Opinion: TriMet’s existential crisis

TriMet’s share of all regional trips today is about 4 percent, which means it’s irrelevant to most regional travelers.
Photo courtesy Cascade Policy Institute

John A. Charles Jr. believes that recent evidence suggests that it’s time to reconsider the basic purpose of the agency

John A. Charles Jr.
Cascade Policy Institute

For those of us who came of age in the 1970s, the conventional wisdom was that cars were gas guzzlers and the environmentally correct way to travel was via transit.

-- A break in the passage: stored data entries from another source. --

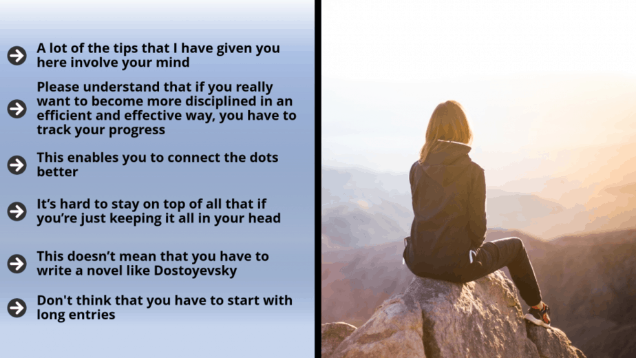 - You will learn to identify certain mindsets that you may not be aware of that can get in the way of you becoming a more disciplined person.
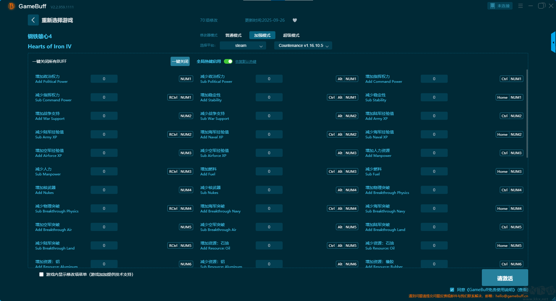 鋼鐵雄心4三十五項(xiàng)修改器pc中文版加強(qiáng)模式部分修改功能介紹
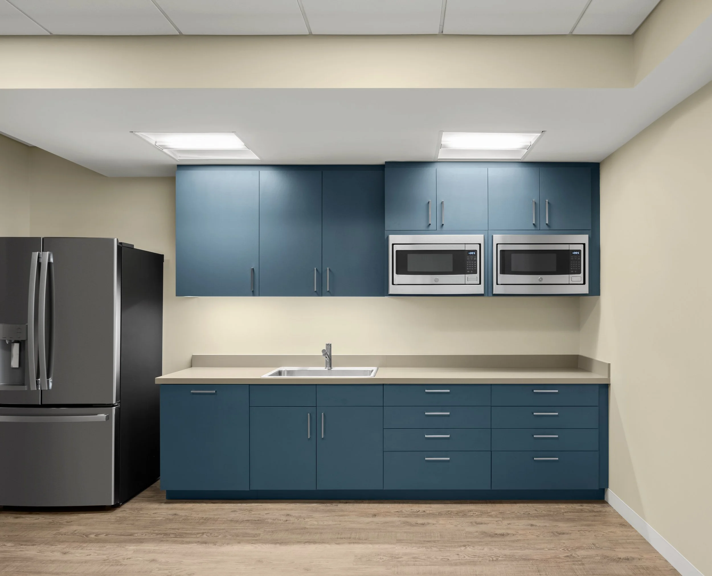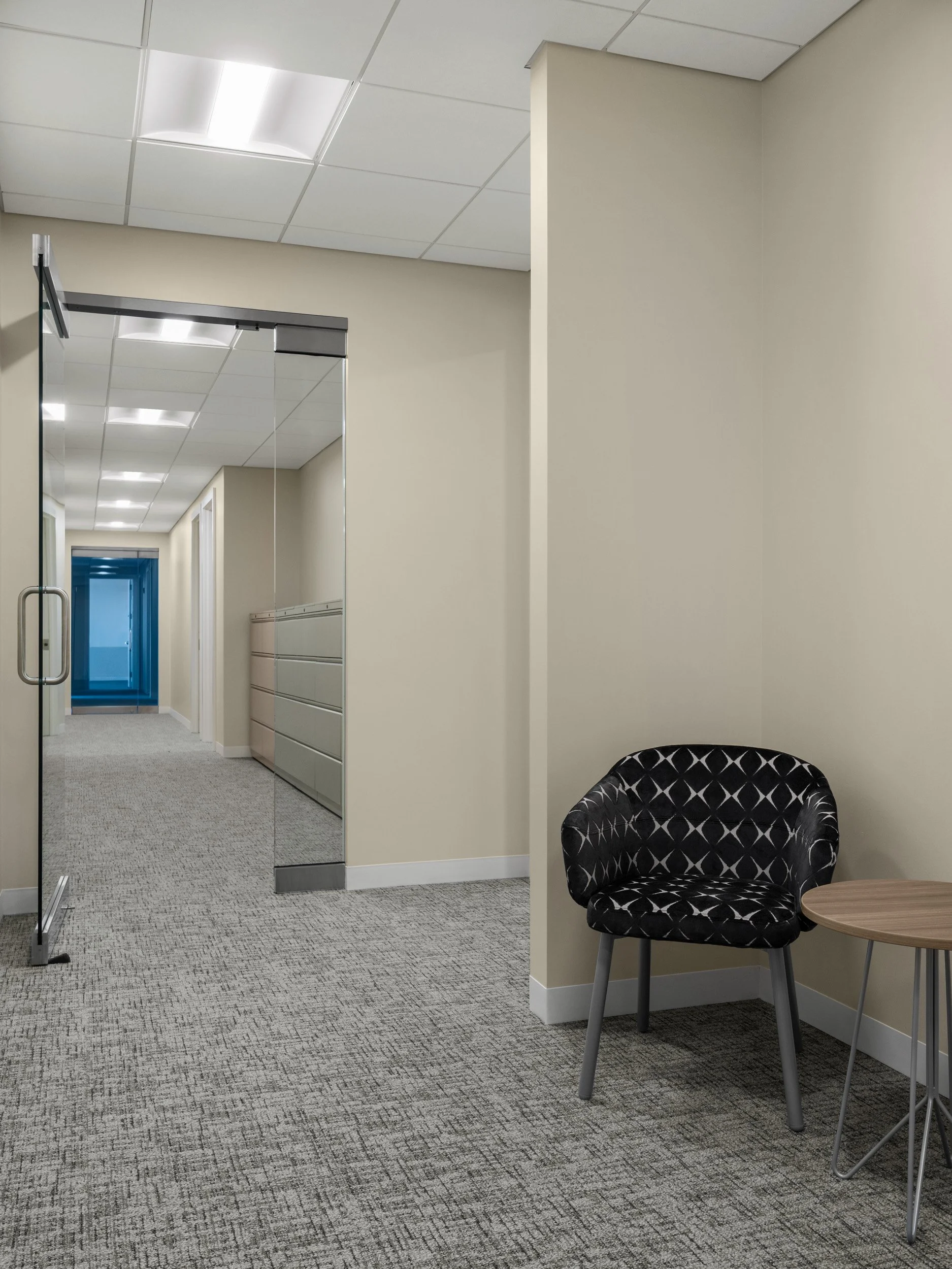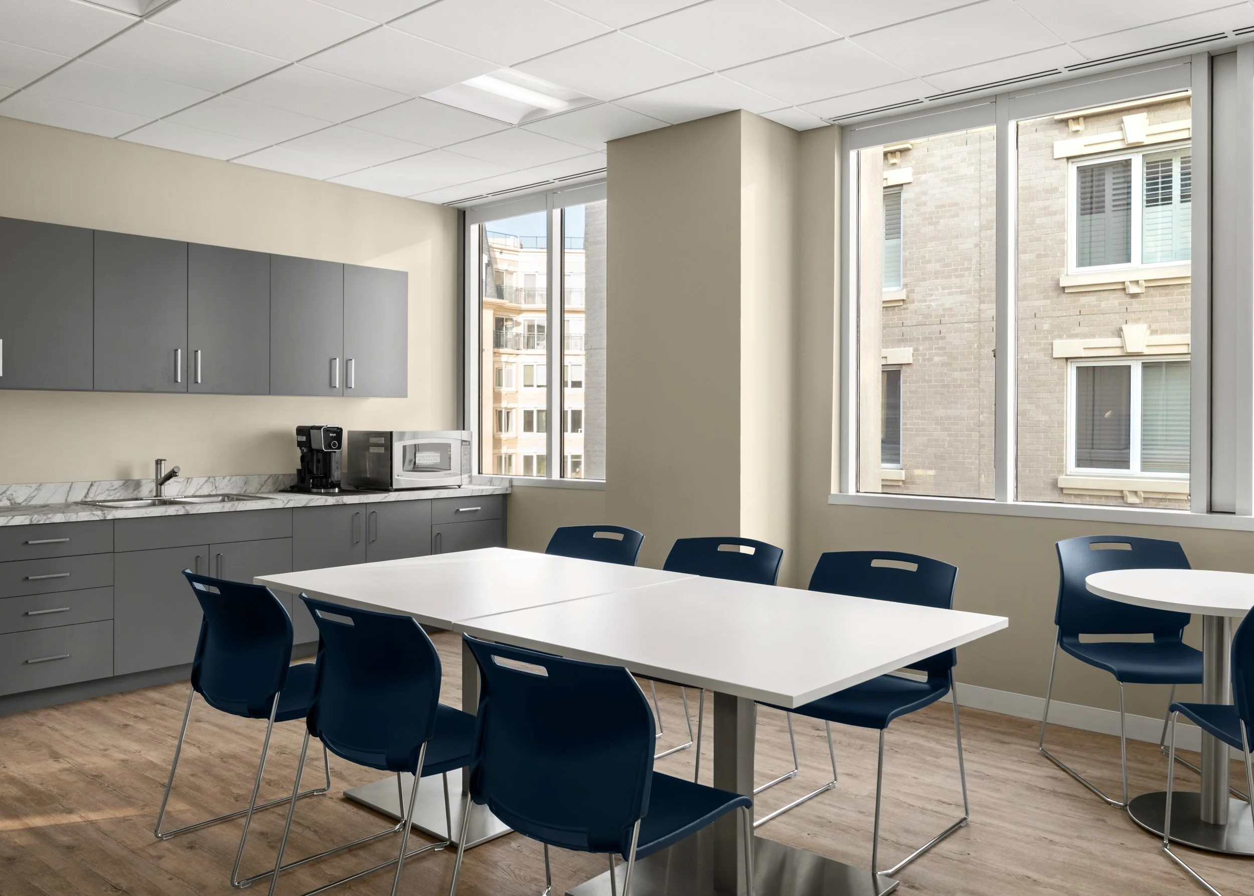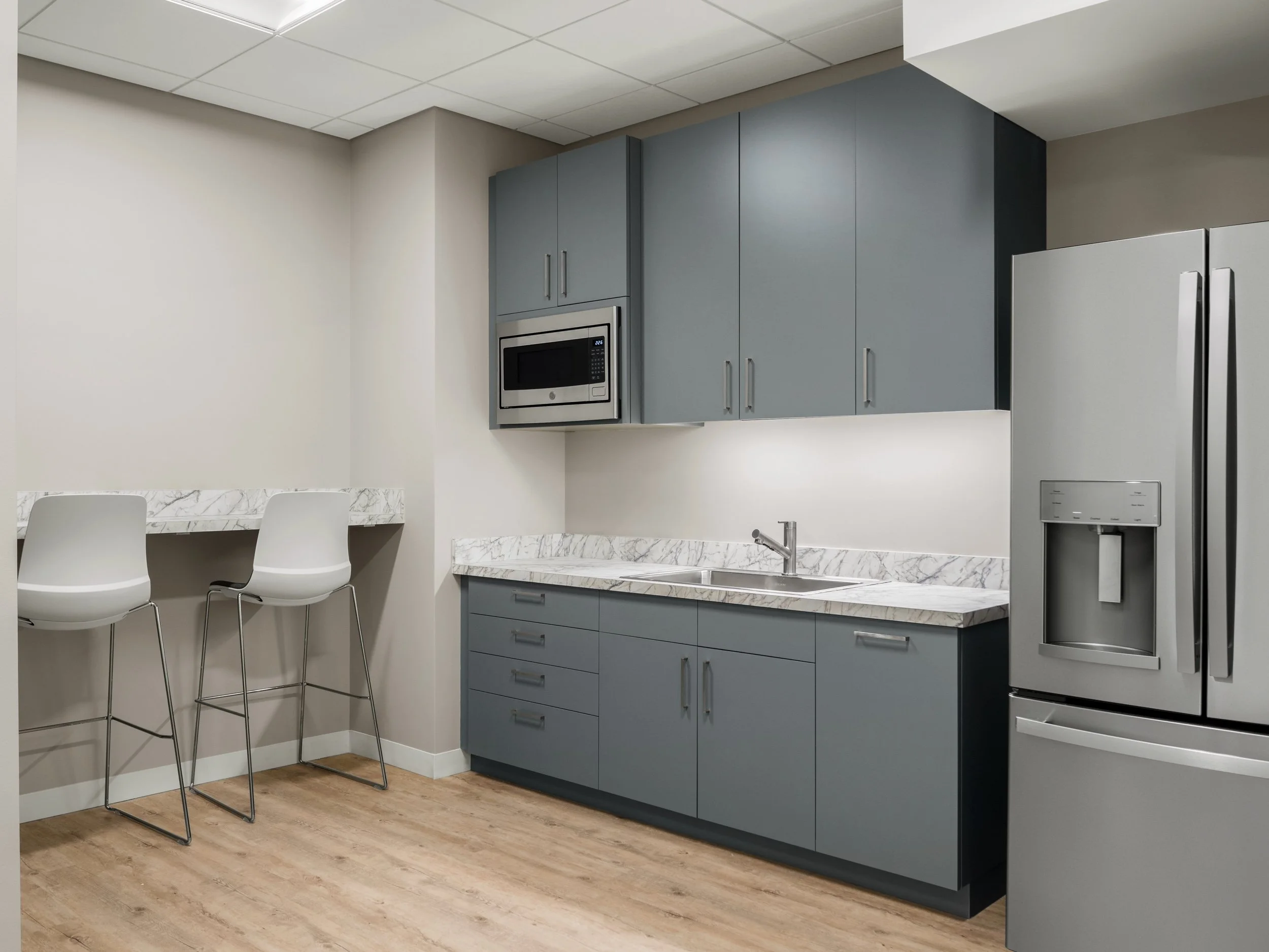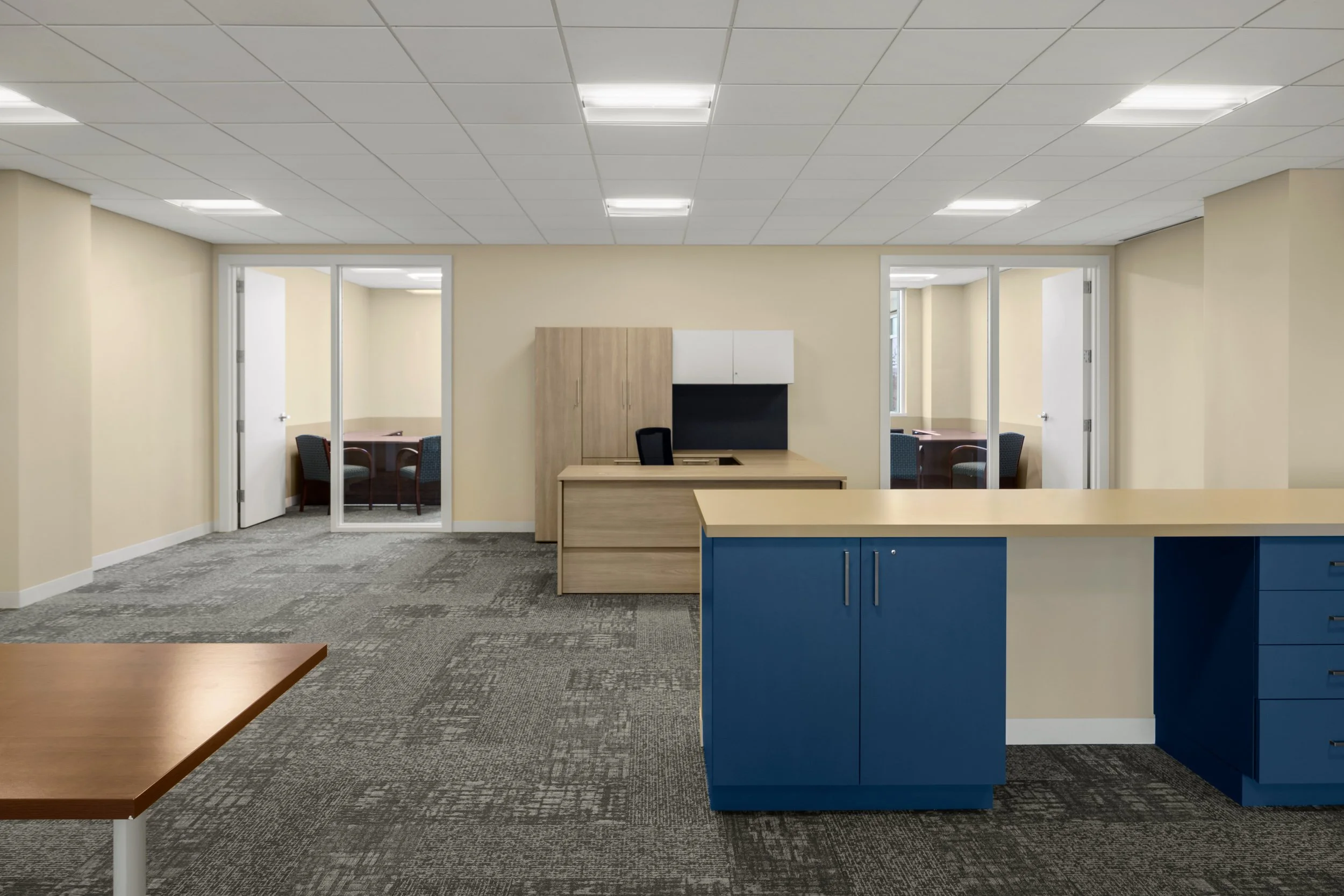 This multi-floor interior renovation upgraded and reconfigured existing suites within an occupied commercial building. Work was carefully phased to minimize disruption while redesigning several floors to better support evolving tenant needs. The project refreshed private offices, conference rooms, workrooms, storage areas, and the breakrooms with a clean, transitional design. The interior palette was tailored to complement key existing furniture pieces while introducing modernized finishes, resulting in a cohesive workspace.

That is no longer the case.

Last month the Federal Transit Agency (FTA) released its 2022 National Transit Database. According to Oregon economist Randal O’Toole, the results show that transit used more energy per passenger-mile than the average car or light truck in every urban area. Transit vehicles also emitted more greenhouse gasses than the average car or light truck in every urban area except New York.

Local planners seem to have missed this development. Metro’s proposed Regional Transportation Plan, which the agency will adopt in early December, recommends that we provide more funding for TriMet and take measures to increase ridership as a means of reducing greenhouse gas emissions. Obviously this strategy will fail, because transit itself is failing.

TriMet’s share of all regional trips today is about 4%, which means it’s irrelevant to most regional travelers. This suggests that it’s time to reconsider the basic purpose of the agency. Ridership peaked in 2012, and there is no evidence that it will ever come back. If there are few riders and transit vehicles are less efficient than cars, what is the point?

John A. Charles, Jr. is president and CEO of Cascade Policy Institute, Oregon’s free market public policy research organization.